Komania nation divided on turning pro, following Wie
- By Jason Sobel
- Feb 17, 2013 1:36 PM ET
Welcome to Komania. Population: Me.
OK, that’s not completely true. From my perch high atop the Lydia Ko bandwagon, I’m still surrounded by others, although many supporters voluntarily jumped overboard following the 15-year-old’s final-round 76 that left her in “only” third place at the ISPS Handa Women’s Australian Open.
That just leaves more room for the rest of us. Her performance makes seven top-10 results in 13 career starts in professional events for the amateur, which should be enough to make her the first golfer since Tiger Woods to have the suffix “-mania” attached to her name, even if it does sound like an Eastern European nation.
What’s not to like about Ko? She has a gorgeous swing and drains more than her fair share of putts. As if that’s not enough, she handles herself like a player twice her age. When she won last week in New Zealand, she cried tears of joy. When she lost this week in Australia, there were no tears, only congratulatory smiles for playing partner Jiyai Shin.
Great kid. Great potential. Great story.
Like most stories these days, though, it’s not enough to simply watch this one develop and see where it takes us. We must speculate and deliberate what the future holds.
In the case of Ko, this leads to two pressing questions: 1. When will she turn professional? and 2. Will she become the next Michelle Wie?
Let’s first address the first one. After finishing four shots behind Shin in the LPGA season-opener, Ko said, “I’ve got a couple of years until I turn pro, so I guess within that period hopefully I’ll be able to get a little bit better.”
That hasn’t stopped the masses from questioning her logic and debating whether she’s making the correct decision. In those 13 starts, Ko would have already banked more than a half-million dollars, which has some critics blasting her for leaving money on the table.
If that sounds more than a little callous, it should. Here’s all I need to know about her decision: I wouldn’t want Ko offering career advice to me, so I’ll refrain from offering any to her. Instead, I’ll just respect whatever she chooses.
The truth is, it’s unnerving how many people wish to push their opinions on her.
A quick admission: I didn’t know much about 15-year-old girls back when I was a 15-year-old boy, which could explain all those weekend nights reorganizing my baseball card collection. Now that I’m, well, slightly older than 15, I know even less. From what I hear, they enjoy texting and talking about boys and for the right price, some of ‘em may sell you a few boxes of samoas or thin mints.
That lack of knowledge makes me completely unqualified to definitively say what this specific 15-year-old should or shouldn’t do with her life.
Two things I do know are that Ko isn’t the average 15-year-old girl and when she does turn professional, that half-million will feel like child’s play. She will be showered with sponsorship endorsement deals that will likely exceed any earnings she can receive through tournament winnings.

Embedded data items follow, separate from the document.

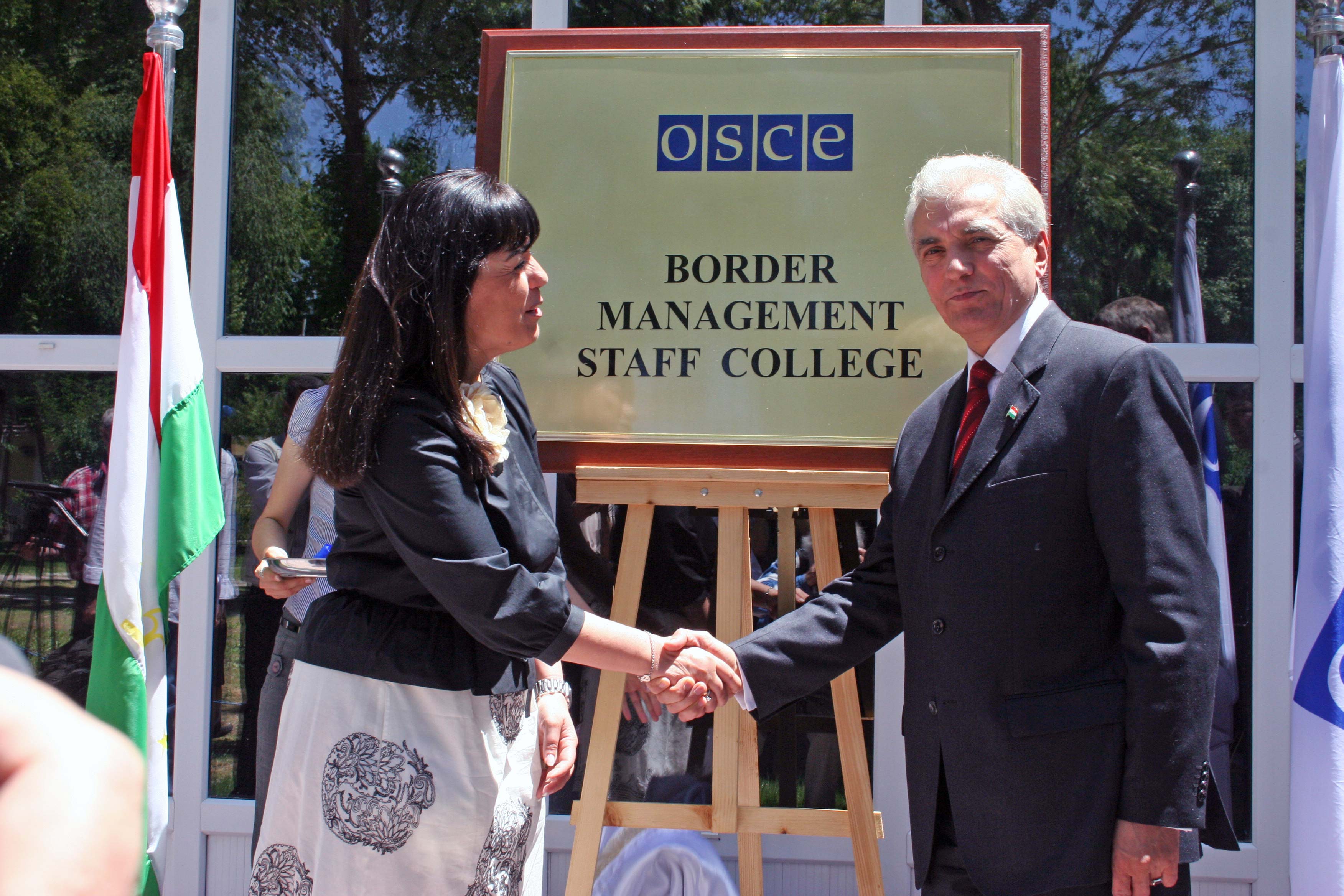Chairperson of the OSCE Permanent Council, Ambassador Mara Marinaki (left), and Hamrokhon Zarifi, Tajik Foreign Minister, at the launch ceremony of the OSCE Border Management Staff College, Dushanbe, 27 May 2009.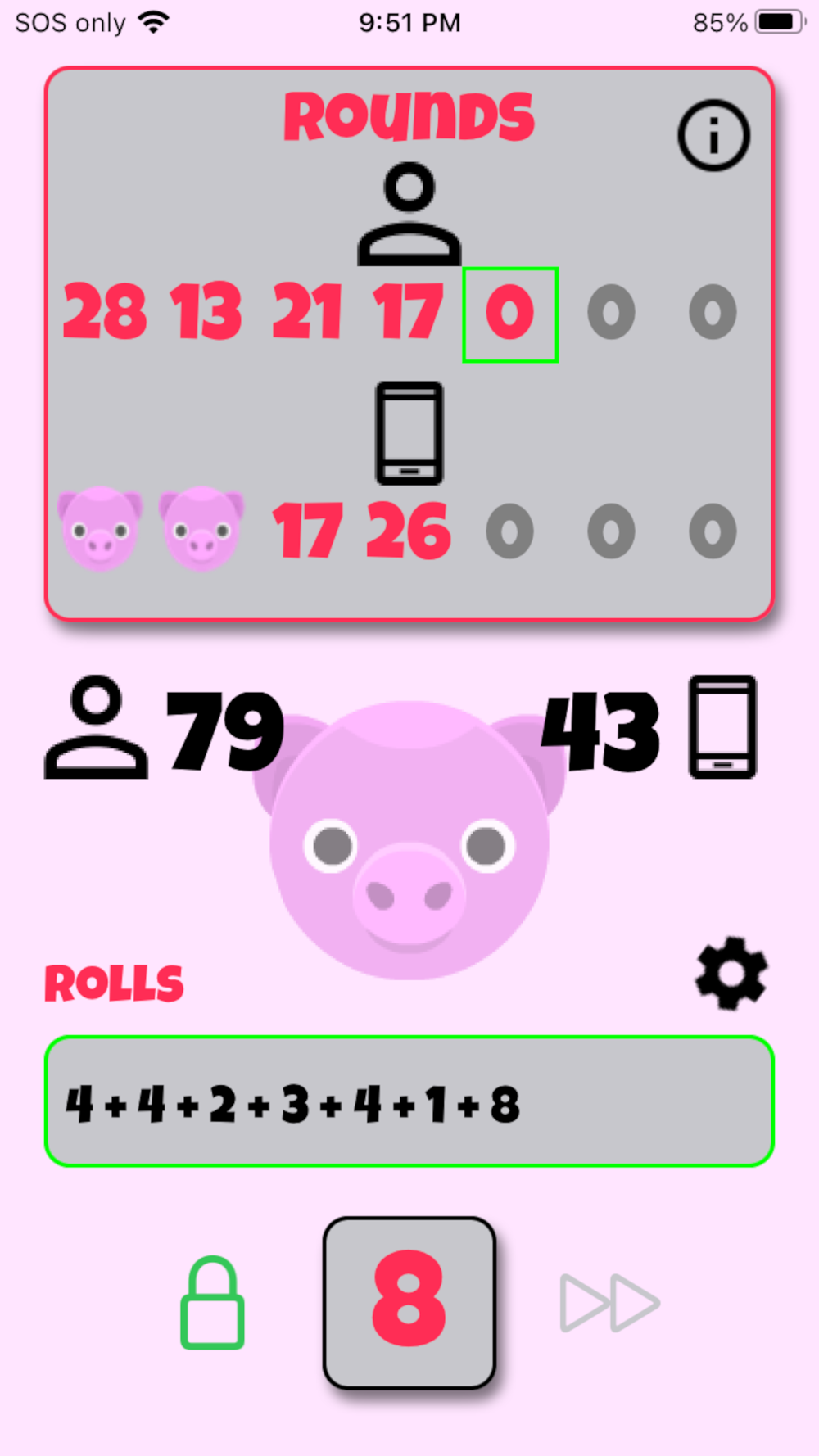 Play against your device over a 7 round tournament. Use each round to build your total score - but be careful, if you roll a 0 you're a greedy pig & you score nothing for that round. Choose a strategy to score big - it's not easy to beat your device!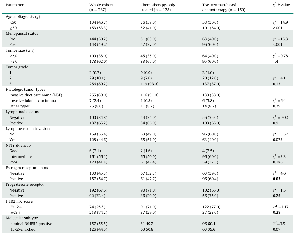 研究共纳入287例HER2阳性乳腺癌患者。根据是否接受抗HER2治疗,将病例分为两组:单纯化疗组(n=128)和以曲妥珠单抗为基础的治疗组(n=159)。

Call that a problem within the game, but it’s also the nature of the beast.
And so whether Ko becomes a play-for-pay competitor tomorrow or next year or the year after or not until after she attends college, she’ll likely come out of it a very heavily compensated professional – even before she ever hits her first shot.
All of which leads to that second question.
Wie is 23 years old, and already nabbed two career LPGA victories before graduating Stanford University last year. And yet, her name is somehow synonymous with wasted youth. She was dubbed a failure before she was given an opportunity to succeed; she is largely considered an afterthought rather than one of the better players in the world.
That, of course, is because Wie was the poster child for the hyped athlete whose reputation exceeded her performance level. Multi-million-dollar contracts for a teenager will do that. So, too, will a media contingent desperate for the next superstar.
Despite a thought that will make the masses wince, Ko could do a lot worse than ending up like Wie. Which is to say, a well-rounded college graduate who is among the best in her chosen field with enough money in the bank to last her a few lifetimes.
When asked this week about advice for Ko, Wie rode the fence: “I have no advice for her. Turning pro or not turning pro, going to college, not going to college, it’s a very personal decision. It’s not something someone can say: `I think you should turn pro. I think you should stay an amateur. I think you should do this or that.’ It’s her life; it’s her career. When I turned pro, I really wanted to turn pro. That was a very personal decision for me. I really wanted to do that, and I have no regrets. I hope she makes the right decision for her. Whatever decision she makes, it has to really just be on her and what she wants to do.”
For now, Komania stands as a nation divided. Divided about Ko’s decision to turn professional or remain an amateur. Divided about whether she will become the next Michelle Wie. Divided about just how much of a bad thing that would be.
As for me, I’m not leaving my perch anytime soon. Ko has a major “it” factor and whether it materializes into her becoming an all-time great or struggling to live up to her 15-year-old self, I’m content to sit back and let the story develop in front of me.